Aipda Yudhie Perdana Putra gugur saat melakukan penangkapan dan penggerebekan bandar narkoba di Desa Tumbang Kalemei, Katingan Tengah, Kabupaten Katingan, Kalimantan Tengah, Rabu 1 Juli 2026.
"Saya (Kapolri) mengucapkan belasungkawa sedalam-dalamnya atas gugurnya anggota yang telah melaksanakan tugasnya. Saya juga menyampaikan duka cita kepada seluruh keluarga besar almarhum," kata Sigit kepada wartawan pada Jumat, 3 Juli 2026.
Sebagai bentuk penghormatan, Polri akan memberikan kenaikan pangkat luar biasa kepada Aipda Yudhie Perdana Putra.
"Institusi memberikan penghormatan terbaik bagi almarhum dan memberikan kenaikan pangkat luar biasa," ujar Sigit.

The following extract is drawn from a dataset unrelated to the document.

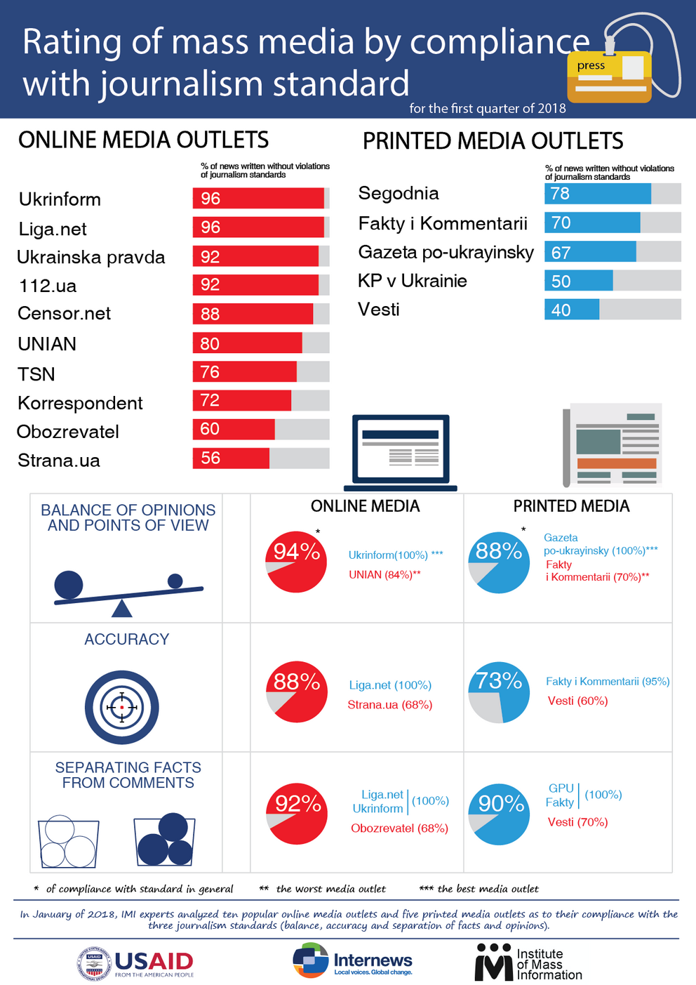 In the first quarter of 2018, the leaders of the rating of adherence to the standards of journalism in online media outlets were two websites – «Liga.net» and «Ukrinform», where 96% of materials were written without violating the standards of journalism. Of the printed media outlets, the leader of adherence to the standards of journalism is newspaper «Segodnia» – 78% of published materials were without violations.

Sementara itu, Direktur Tindak Pidana Narkoba Bareskrim Polri, Brigjen Eko Hadi Santoso menjelaskan awal mula kejadian, saat 12 anggota Satresnarkoba Polres Katingan mengejar bandar sabu di Desa Tumbang Kalemei.
Operasi tersebut mengarah ke seorang target berinisial BIO yang diketahui merupakan residivis kasus narkotika.
Setibanya di lokasi, tim pun dibagi menjadi dua kelompok dengan tik pertama melakukan penindakan di rumah target, dan tim kedua bersiaga di lokasi lain.
"Saat proses penangkapan berlangsung, target berhasil diamankan. Namun situasi berubah ketika beberapa orang di dalam rumah dan warga sekitar melakukan perlawanan menggunakan senjata tajam berupa parang," kata Eko.
Situasi semakin tidak kondusif dan personel berupaya menyelamatkan diri, salah satunya dengan berenang menyeberangi sungai dan berlindung di kawasan hutan
"Dalam insiden tersebut, Aipda Yudhie ditemukan meninggal dunia dengan luka akibat senjata tajam. Sementara Aiptu Sumaryanto dan Bripda Nopandri Ramadhana masih dalam pencarian oleh tim gabungan," pungkasnya.